Indii Flavours offers a modern take on traditional Indian dishes

Indii Flavours wows with their punchy dishes and hospitable service.

You’ll find Indii Flavours on O’Connell Street, next to the North Adelaide Endota Spa. The restaurant’s frontage – and primo outdoor seating area – is flanked by trees in half wine barrels and branded black windbreakers. All of this has been designed to protect guests from the cars which hum up and down the street.

The road’s still busy, of course, but O’Connell used to be there where’s where of Adelaide dining precincts. The area’s now-daggy pizza parlours, and cafes serving bowl lattes remain surprisingly busy.
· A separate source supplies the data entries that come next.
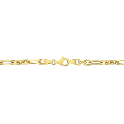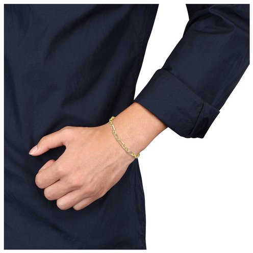 Let everyone look at you in awe when you wear this ravishing Diamond Cut Figaro Men's Bracelet. In sparkling yellow plated sterling silver, this fancy 7.5-inch bracelet is comfortably secured with a lobster clasp. Polished to a brilliant shine, this elegant bracelet will accentuate your already charming personality. Be it a traditional function or a party, this versatile bracelet will be your first choice.
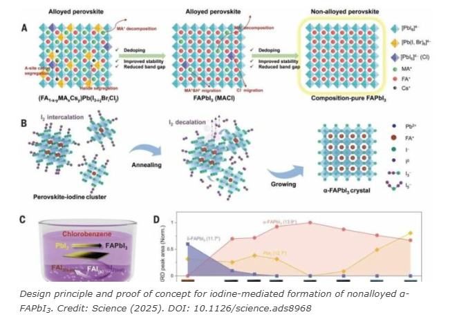 En este enfoque, la fuerte interacción entre el yodo cogenético (I₂) y I⁻ forma iones de polyioduro, alterando el FAI + PBI₂ → FAPBI₃ la ruta de reacción a Fai₃ + Pbi₂ → FAPBI₃ + I₂.Esta modificación ayuda a superar las barreras para la formación de α-FAPBI₃.
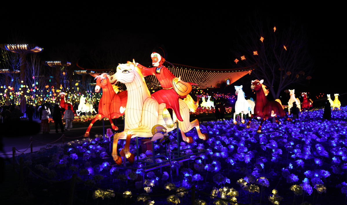 中国日报1月25日电(记者 邹红)2026年1月23日晚,2026年北京世园国际旅游度假区第四届花灯艺术节“天宫灯会”拉开帷幕。50余组以经典动画《大闹天宫》为蓝本的大型花灯、科技光影秀、航天主题特展及系列互动活动同步亮相,为市民游客带来一场冬日文旅盛宴。相关活动将持续至3月8日,历时45天。
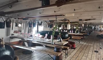 Dine like the crew once did in this historic space, ideal for large gatherings such as parties, gala dinners, and charity balls. Traditional mess tables create an unforgettable experience.

But Indii Flavours is a nod to Adelaide’s changing appetites. It’s a warm, tastefully decorated dining room with a temperature-controlled cellar and waiters in button-down shirts. Indii flavours is a world away from the tapestried walls and blaring Bollywood songs which, during the 90 and early 2000’s, became Australia’s textbook interpretation of an Indian restaurant.

Indii Flavours began life in Clare Valley as Indii of Clare, before branching into the city in 2019. Owner Sabby Soodan also started Hunky Dory Wines and My Better Half wines. You can try both of these at both restaurants. Hunky Dory’s fun, drink-now approach is perfectly suited to the kind of tarted-up Indian food that Indii Flavours serves.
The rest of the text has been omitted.